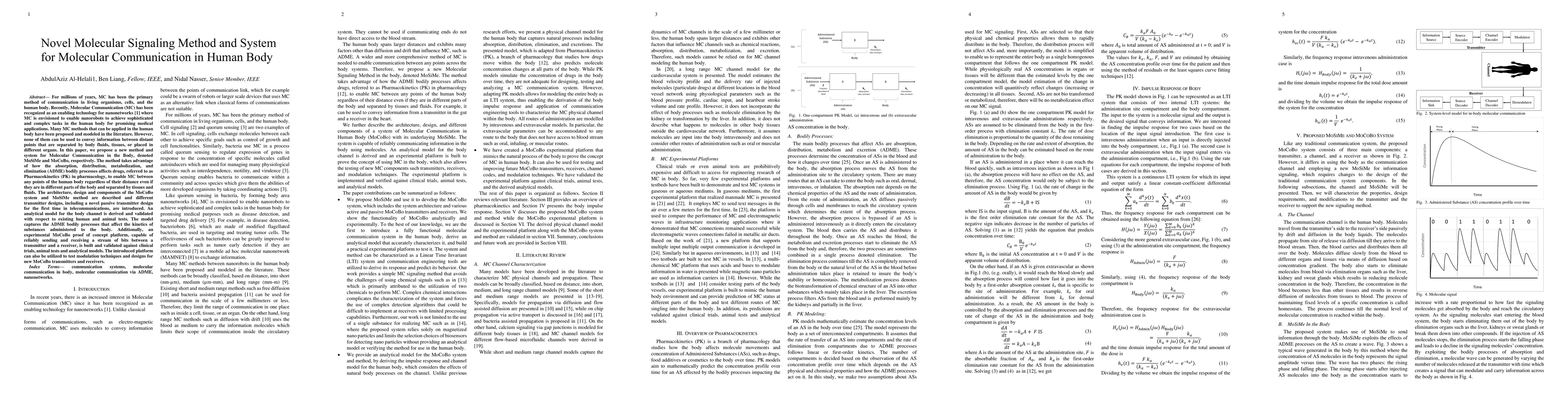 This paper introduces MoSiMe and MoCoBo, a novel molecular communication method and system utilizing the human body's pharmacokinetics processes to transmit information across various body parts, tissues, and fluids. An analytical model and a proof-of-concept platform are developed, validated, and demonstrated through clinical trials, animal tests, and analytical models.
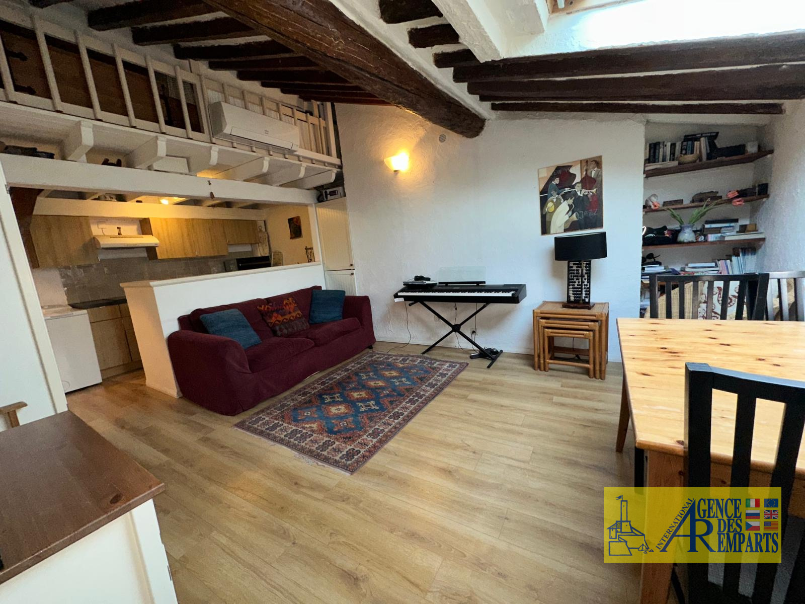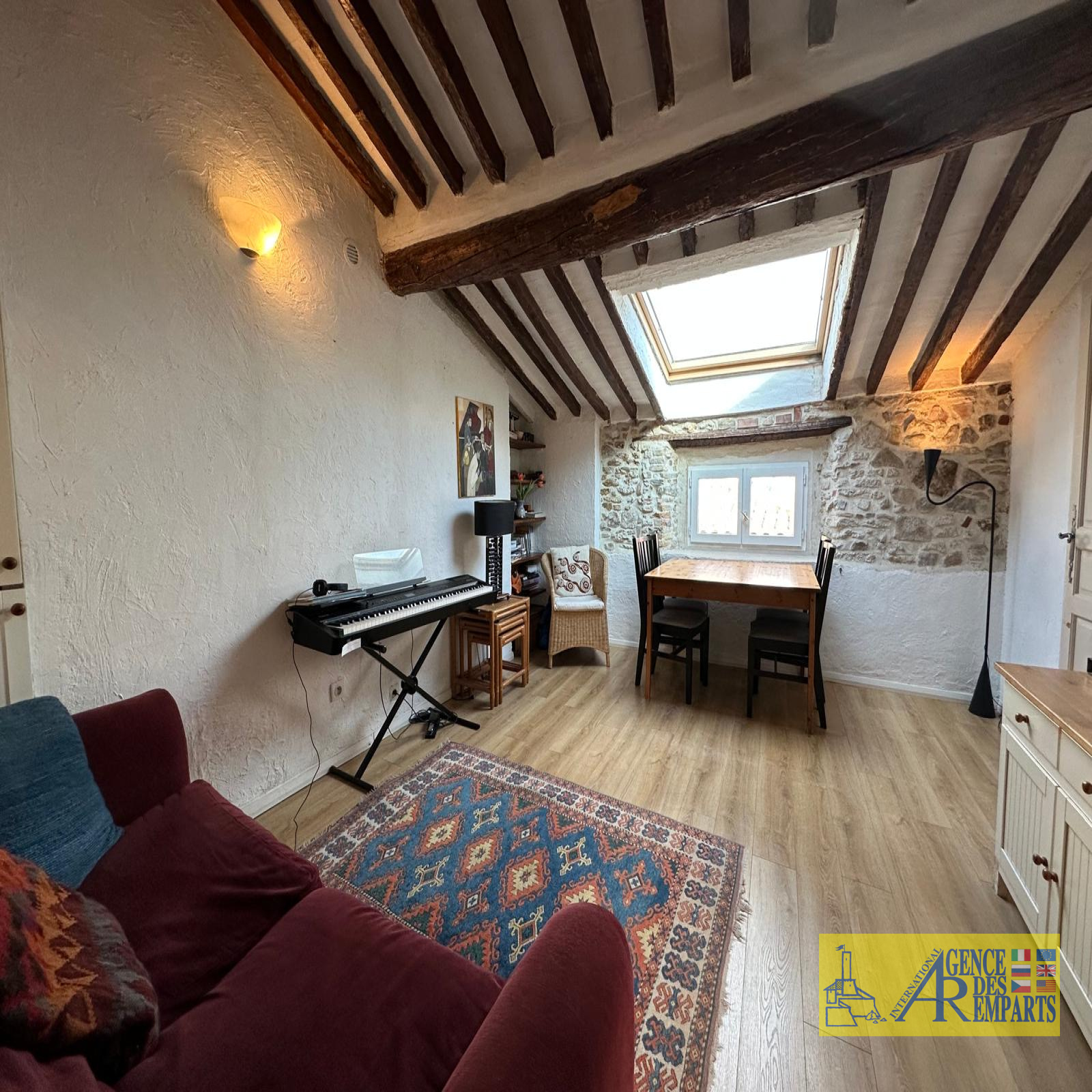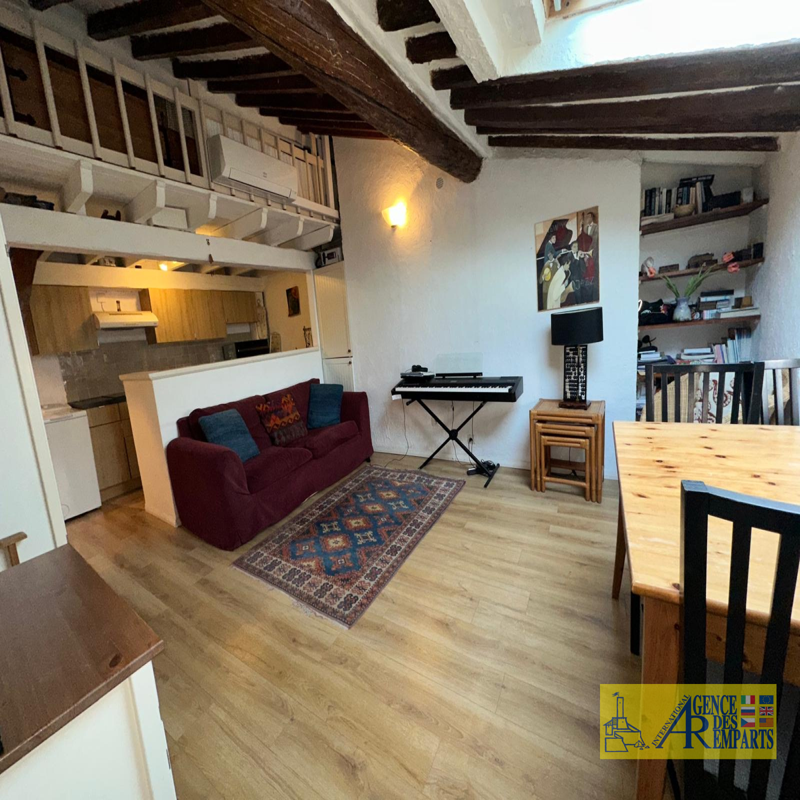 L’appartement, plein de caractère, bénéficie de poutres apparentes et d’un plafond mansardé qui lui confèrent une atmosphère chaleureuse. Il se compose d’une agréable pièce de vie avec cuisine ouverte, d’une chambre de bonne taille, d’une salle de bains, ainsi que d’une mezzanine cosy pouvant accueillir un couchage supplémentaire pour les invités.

==

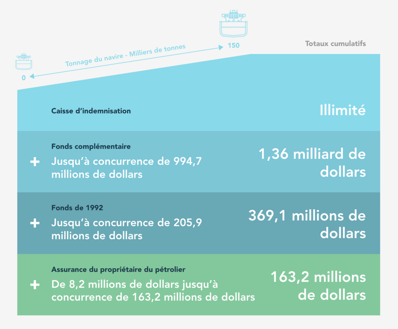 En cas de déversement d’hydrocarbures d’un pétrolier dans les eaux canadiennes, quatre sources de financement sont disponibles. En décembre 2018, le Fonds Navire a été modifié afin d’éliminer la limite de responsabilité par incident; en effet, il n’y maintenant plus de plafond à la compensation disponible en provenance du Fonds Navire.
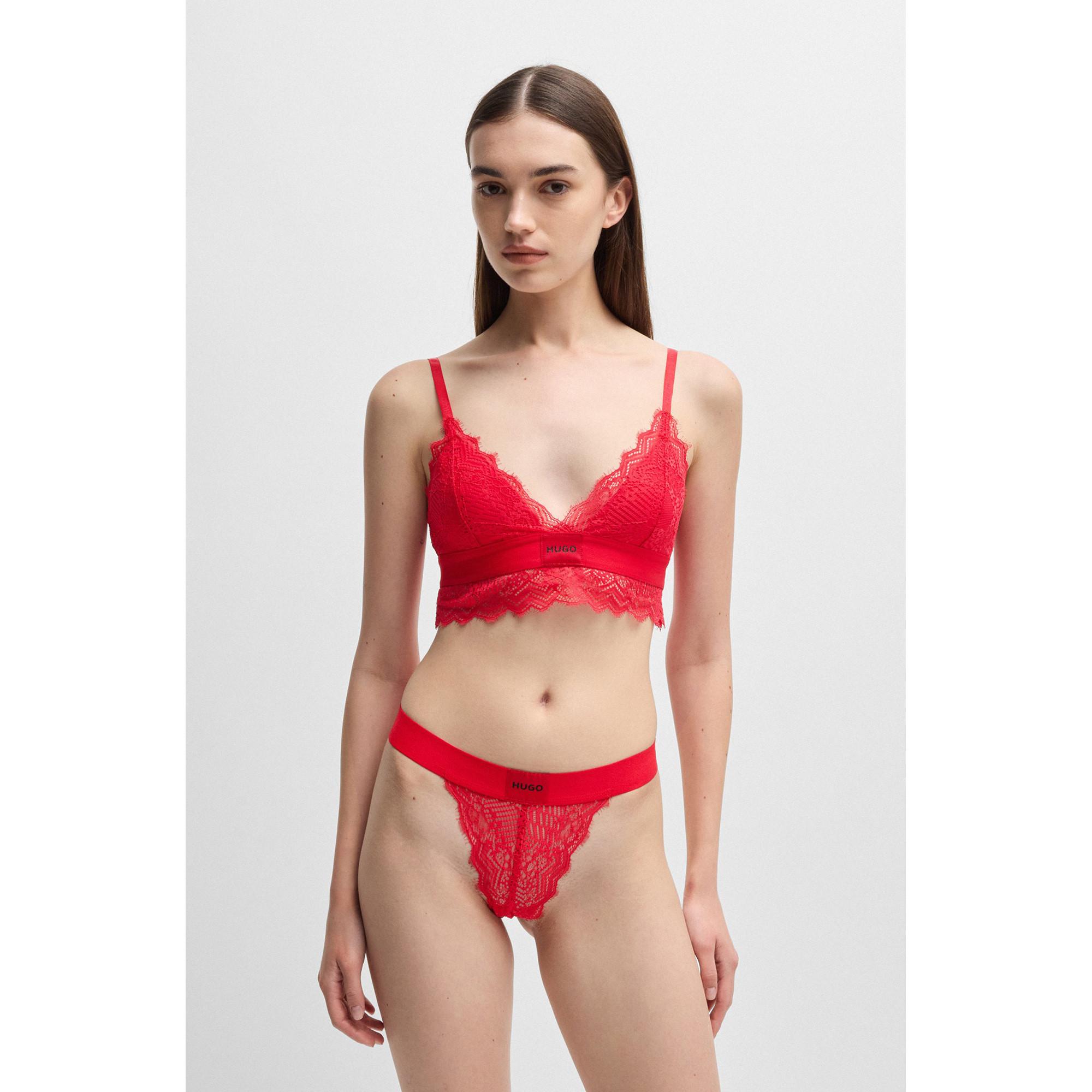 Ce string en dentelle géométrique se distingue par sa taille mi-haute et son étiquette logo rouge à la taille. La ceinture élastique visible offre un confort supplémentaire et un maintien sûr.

WHAT TO DO =
In the listing above, find the line containing "En cas de déversement" and the line containing "Ce string en". Reproduce those lines and all between them exactly, with no pictures and nothing more.

SOLUTION TO THIS PROBLEM =
 En cas de déversement d’hydrocarbures d’un pétrolier dans les eaux canadiennes, quatre sources de financement sont disponibles. En décembre 2018, le Fonds Navire a été modifié afin d’éliminer la limite de responsabilité par incident; en effet, il n’y maintenant plus de plafond à la compensation disponible en provenance du Fonds Navire.
 Ce string en dentelle géométrique se distingue par sa taille mi-haute et son étiquette logo rouge à la taille. La ceinture élastique visible offre un confort supplémentaire et un maintien sûr.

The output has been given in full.